Human-Perception-Based AI Algorithms

Human-Perception-Based AI Algorithms

Taking a physics-based approach to how humans perceive the world, Kavita Bala has developed a new generation of artificial intelligence systems.

Human perception is likely overlooked when it comes to computers. After all, what does the logic of a computer have to do with our sensory abilities and brain processes? According to Kavita Bala, who works in computer science, the answer is a fair amount. Her research in computer graphics and computer vision has been motivated by the mysteries of human perception for more than a decade.

Initially, Bala focused on the modeling and rendering of physics-based models. In her work, she contributed to developing a new approach to computer graphics based on how humans visually perceive the world. For example, there is no doubt that photons bounce everywhere in the real world, but we are incapable of perceiving each photon in its full glory.

The scene appears as a kind of gestalt. There is actually a great deal more complexity than what we perceive. During her research and creation of computer-generated imagery, Bala collaborated with others to create models that accurately render fabric. Bala explains that rendering algorithms could only approximate what material might appear in a particular scene, such as a silk dress or velvet shirt.

"Silk is shiny, whereas velvet is fuzzy and reflects light differently," Bala notes. "That is how we distinguish them. And it is because of the materials’ structure.”

AI Algorithms

Based on this idea, the researchers performed micro-computed tomography (micro-CT) scans of the materials to obtain micron-level details about their structure. Bala explains that structure is a geometric representation of information, not an optical representation. There is more to it than reflection. It is about the interaction of light with the material’s shape. This was the key contribution, the realization that algorithms can be created to automatically produce realistic material appearances when you capture the structure well. In developing and improving algorithms, scientists have been able to render these materials in a manner that appears as if in the real world.

Getting the Picture with GrokStyle

Bala also began exploring computer vision based on her interest in perception. Computer algorithms can recognize what they are looking at based on their algorithms. Her research focused on human perception, asking how we recognize what is in an image and how that recognition is used to comprehend the world around us.

In collaboration with Sean Bell, Ph.D. '16 Computer Science, Bala examined how furniture is presented online using photographs posted to sites such as Flickr and online design websites. Over time, these sites did not meet a need: users would ask what type of furniture was pictured in the photographs. As a first step, they sought information about where they could purchase the pieces themselves but could not locate this information.

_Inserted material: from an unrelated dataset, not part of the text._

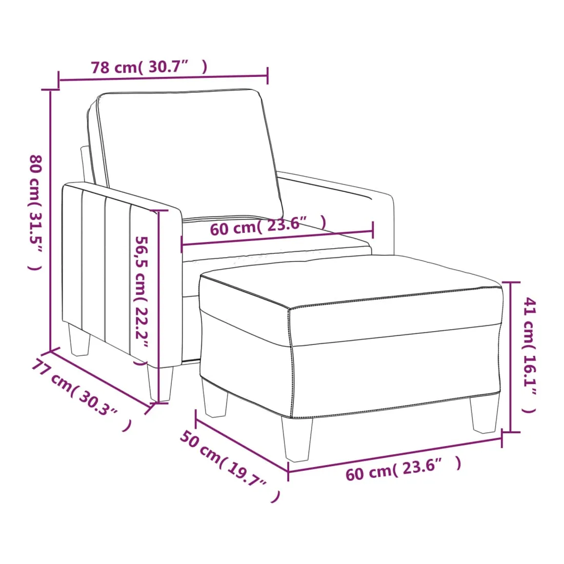 Ce fauteuil avec repose-pied est un excellent endroit pour discuter, lire, regarder la télévision ou simplement vous détendre. Il est destiné à être un point central de votre maison. Tissu durable : le tissu présente un aspect simple et épuré tout en restant respirant et durable.Structure robuste et stable : la structure en contreplaqué et en métal du canapé avec repose-pieds assure robustesse et stabilité.Expérience d'assise confortable : le fauteuil est très confortable avec le siège, les accoudoirs et le coussin de dossier bien rembourrés.Repose-pied polyvalent : ce repose-pied convient pour reposer vos pieds lorsque vous êtes allongé dans un canapé ou un fauteuil inclinable, ou pour vous offrir un siège supplémentaire dans votre pièce. De plus, le design simple et la taille compacte le rendent idéal pour presque tous vos espaces de vie.Design accrocheur : doté d'un design simple mais moderne, ce canapé avec repose-pied est destiné à attirer l'attention dans votre pièce.

To develop algorithms based on the neural networks found in the brain, Bala and Bell conducted research that led to the development of neural networks. In addition to images from catalogs and those shared on social networking sites, thousands of images were shown to the neural networks they were developing.

According to Bala, “If you have enough data to identify a thing, you can determine its identity. Due to our data training efforts, the networks could perform fine-grained recognition with high accuracy.”

artificial intelligence

Bala and Bell eventually expanded their network's expertise into fashion. Ultimately, the result was artificial intelligence (AI) composed of algorithms that performed better than the most advanced AIs at the time. As a result, Bala stated, "we were at least twice as accurate as the next best.".

During the summer of 2016, Bala took a leave of absence from Cornell and co-founded a company with Bell to market GrokStyle. This product uses artificial intelligence to recognize furniture and fashion items.

Although AI visual recognition is still far from being foolproof under all conditions, Bala and her team are currently working on another project to achieve this outcome. In their research, the researchers are exploring the implications of the premise that a good recognition algorithm can identify patterns in the data if it is fed all images of the world.

To begin with, they developed an algorithm called StreetStyle that could comb through images and identify unique aspects of fashion distinctly related to specific locations or times of the year. “It is possible to get an understanding of how people dress in a certain part of the world even if you have never visited it,” Bala explains. “As a result of running our recognition algorithm, we found all kinds of matches across a wide range of geographical regions. For example, in Cairo, the hijab was prominently displayed. As far as Lagos is concerned, it is the gele, a traditional headgear that women wear and is very distinctive."

The researchers published a more advanced version of the algorithm in a paper entitled GeoStyle. As part of the investigation, they also searched for spikes and sudden appearances of particular articles or colors of clothing.

Developers at the Cornell Institute of Digital Agriculture are now applying the latest version of the algorithm to satellite images to detect trends in crop health and global climate change.

Bala states, “one of our goals is to make accurate predictions. Seeing trends that are time-shifted in one place and then seeing the beginning of the same trend in another location may provide an opportunity to predict the direction a phenomenon will take. Online, we have access to an extraordinary amount of visual data about our planet and our lives. By analyzing it, we can learn so much about ourselves and our planet."